Taking a deep breath, I grabbed my things, kissed my mom on the cheek, and left. "I'm heading to campus before I have to be in at work at 5. See you later, mom. Love you."

Right as I got into the car, I got a text from Aleki Bruin, one of the kids from the youth group at my church.

 

From Aleki 2:07pm

*Hey Sage, I need some prayer, I found out some bad news about my dad.*

 

From Me 2:10pm

*Sure, what happened? You need me to stop by before work?*

 

From Aleki 2:12pm

*No, that's fine. But dad and K.D went to the hospital and dad has terminal cancer. They said he has 6 months left to live.*

 

From Me 2:15pm

*Oh honey, I'm so sorry. But you know, all you have to do is pray. If God wants him home, then he'll go home, but if God wants him to live, then he will. Keep me posted, okay?*

 

From Aleki 2:20pm

*Thanks, Sage. And I will.*

 

Feeling heavily burdened, I sat in my car and prayed. I prayed for Aleki, for his father, his family, the illness to leave, and for God to do what He wills.

By the time I said amen, it was 3:40. My heart skipped a beat and I went on my way to campus.. I realized that I had forgotten my uniform in my dorm room, so I had to run and get it.

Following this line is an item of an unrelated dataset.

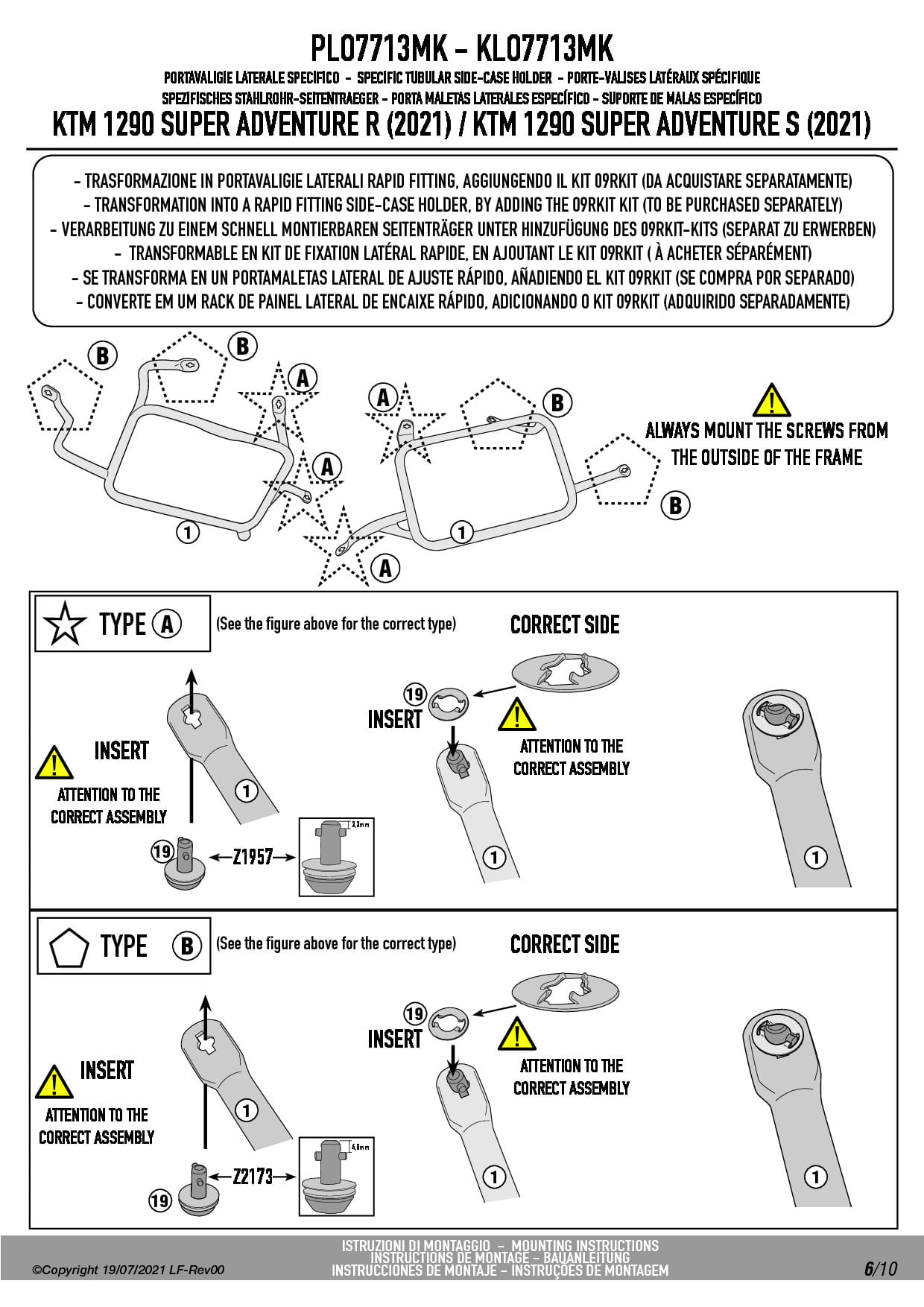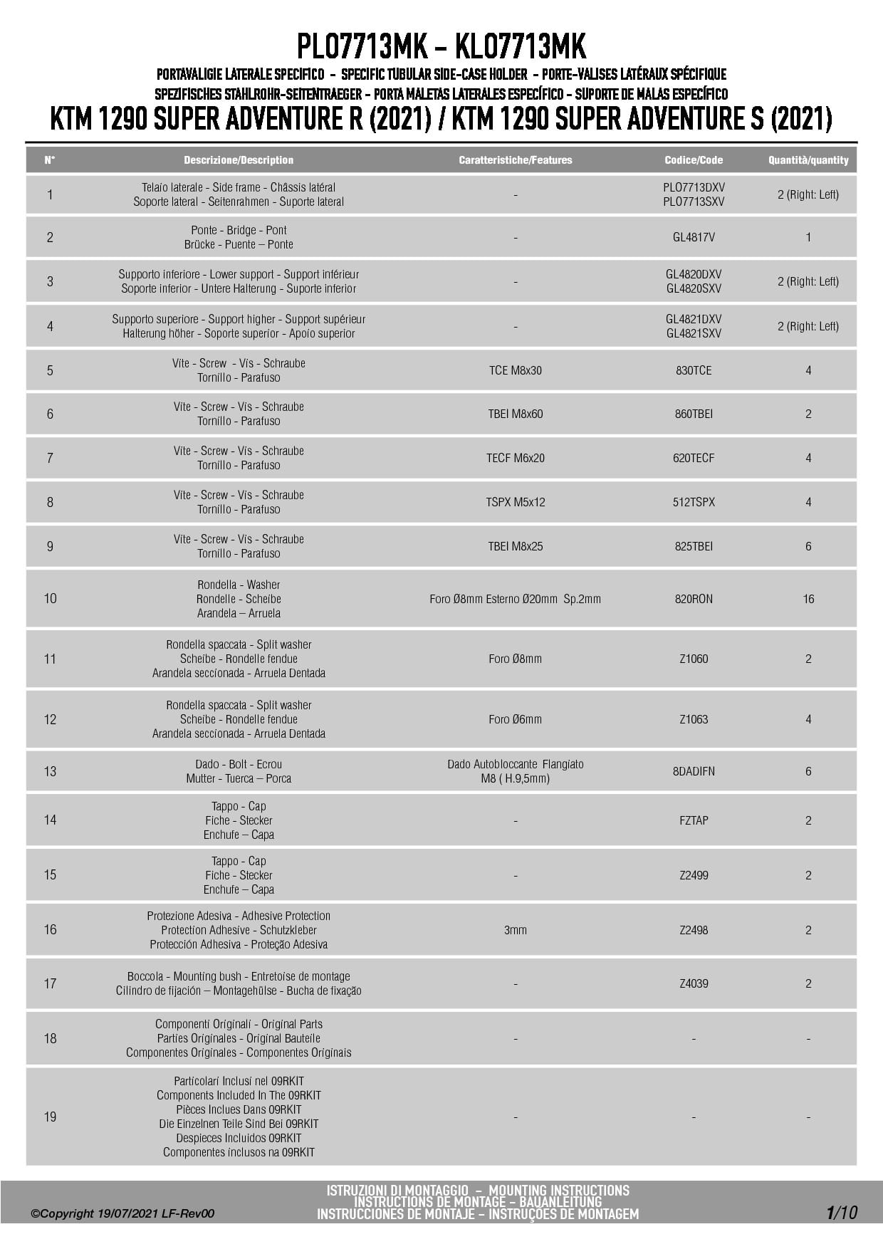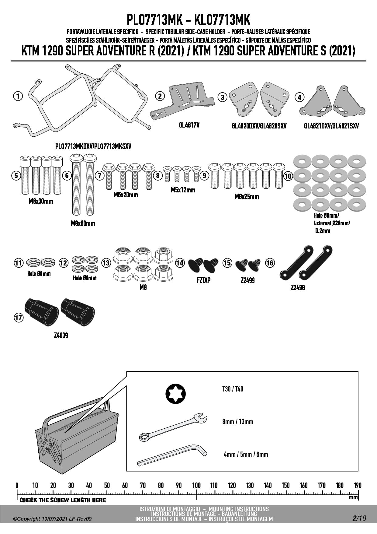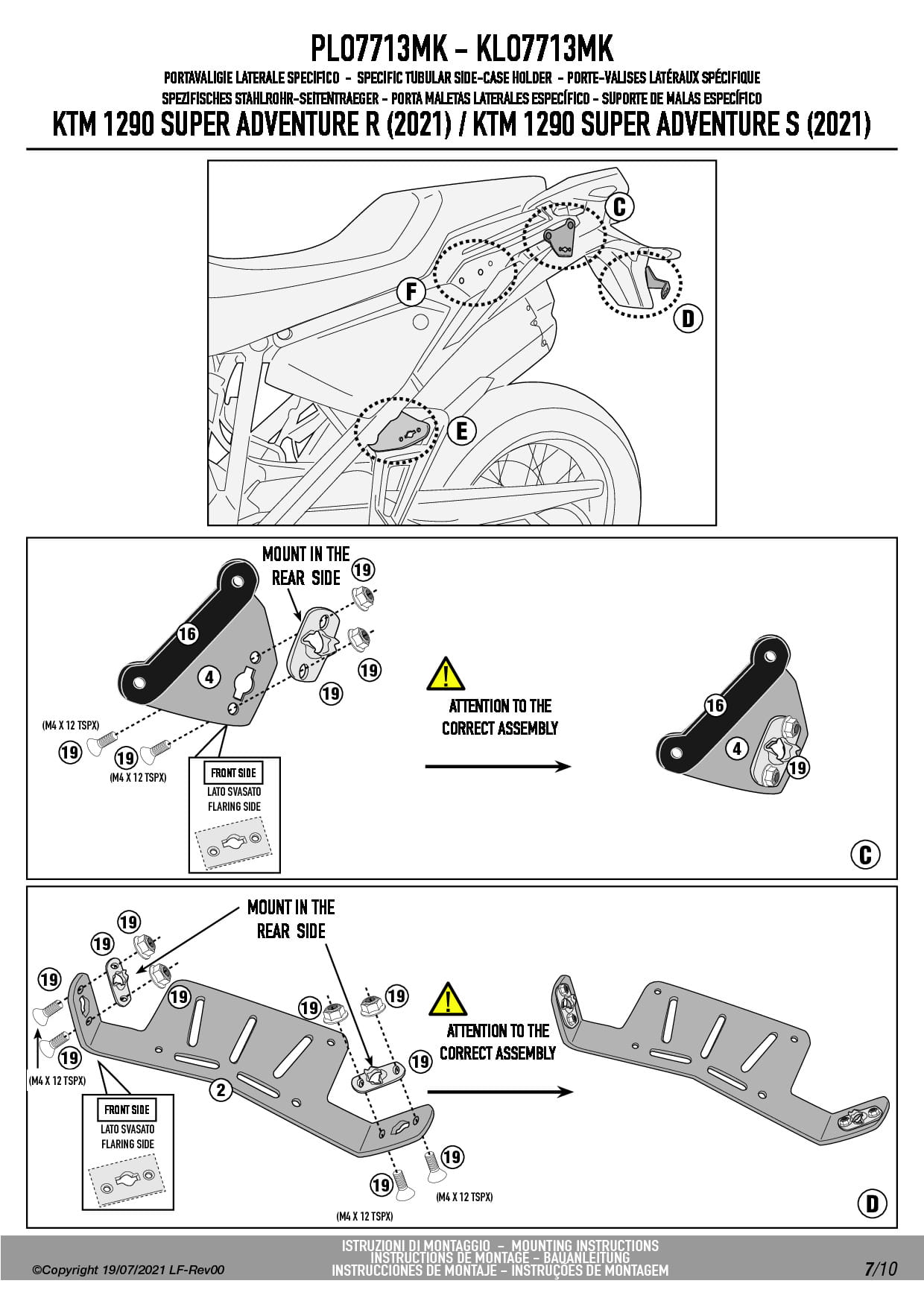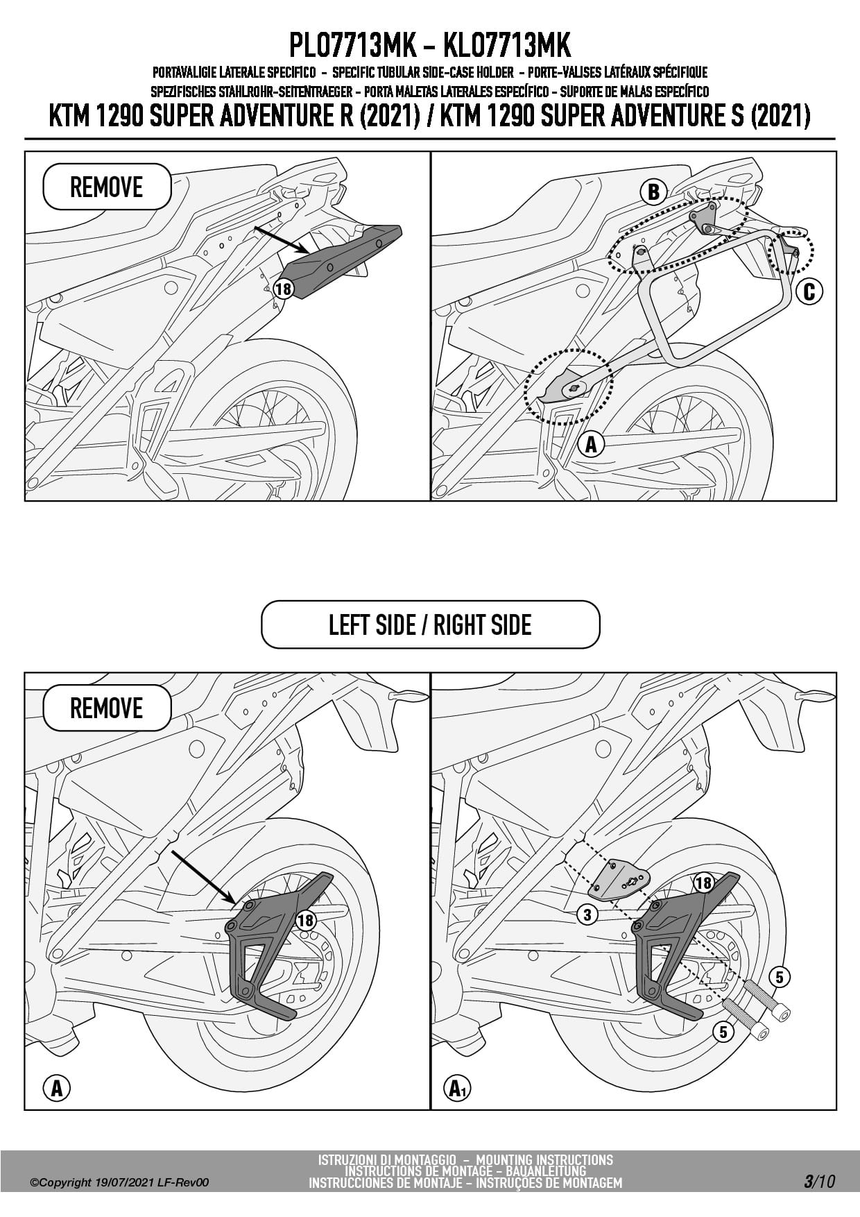 Stelaż kufrów bocznych Givi PLO7713MK do motocykla KTM 1290 Super Adventure R / S (21-25) / 1390 Super Adventure S / EVO (26)

I guess the universe was against me because when I got to the campus and went to grab my key to my dorm, It wasn't there. That's when I remembered that I had left my key in my book bag, which was sitting on my bed. Oh dear Lord, please let Tammy be in our room.. Running up, I let out a breath of relief that our door was open and Tammy was there.

I grabbed my things and rushed into the bathroom to change, and then rushed back to my car. Again, my luck was iffy, because when I got to the common room, I ran into someone and fell on my rump. Looking up, the apology died on my lips and I groaned internally.

"Watch where you're going, pipsqueak, or next time I'll get rude." I gritted my teeth as he kicked my book bag and walked away. Give me patience, Father, please just help me to mind my tongue and my actions. I stood up and dusted myself off before checking the time. 4:50. And I was still 20 minutes from work.. Great.

Getting back into my car, I went on my way to work, praying I wouldn't run into him again anytime soon.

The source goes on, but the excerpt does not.